*** Opening DATA SECTION ***

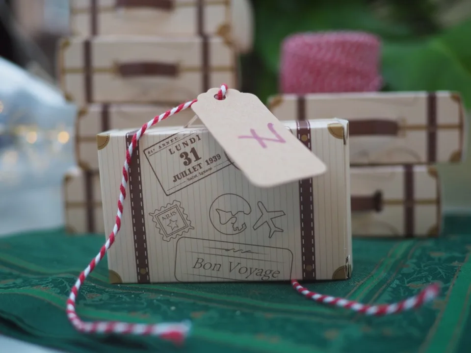 J’ai passé deux heures à préparer les valises (comme pour un vrai voyage !). J’avais commandé un paquet de 50 boîtes au format 8 cm x 5 cm avec un motif valise (boîtes dénichées sur Amazon). Il a fallu les plier, les monter, mettre la poignée, nouer les étiquettes, remplir…
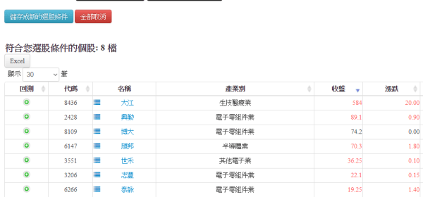 利用股狗選股的選股條件可以【挑選突破20日新高,爆
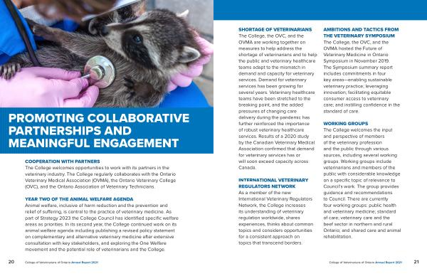 AMBITIONS AND TACTICS FROM THE VETERINARY SYMPOSIUM The College , the OVC , and the OVMA hosted the Future of Veterinary Medicine in Ontario Symposium in November 2019 . The Symposium summary report includes commitments in four key areas — enabling sustainable veterinary practice ; leveraging innovation ; facilitating equitable consumer access to veterinary care ; and instilling confidence in the standard of care .

*** Closing DATA SECTION ***

__EXERCISE OBJECTIVE__
Take the listing and print it again exactly, but without any pictures.

__SOLVED PROBLEM__
 J’ai passé deux heures à préparer les valises (comme pour un vrai voyage !). J’avais commandé un paquet de 50 boîtes au format 8 cm x 5 cm avec un motif valise (boîtes dénichées sur Amazon). Il a fallu les plier, les monter, mettre la poignée, nouer les étiquettes, remplir…
 利用股狗選股的選股條件可以【挑選突破20日新高,爆
 AMBITIONS AND TACTICS FROM THE VETERINARY SYMPOSIUM The College , the OVC , and the OVMA hosted the Future of Veterinary Medicine in Ontario Symposium in November 2019 . The Symposium summary report includes commitments in four key areas — enabling sustainable veterinary practice ; leveraging innovation ; facilitating equitable consumer access to veterinary care ; and instilling confidence in the standard of care .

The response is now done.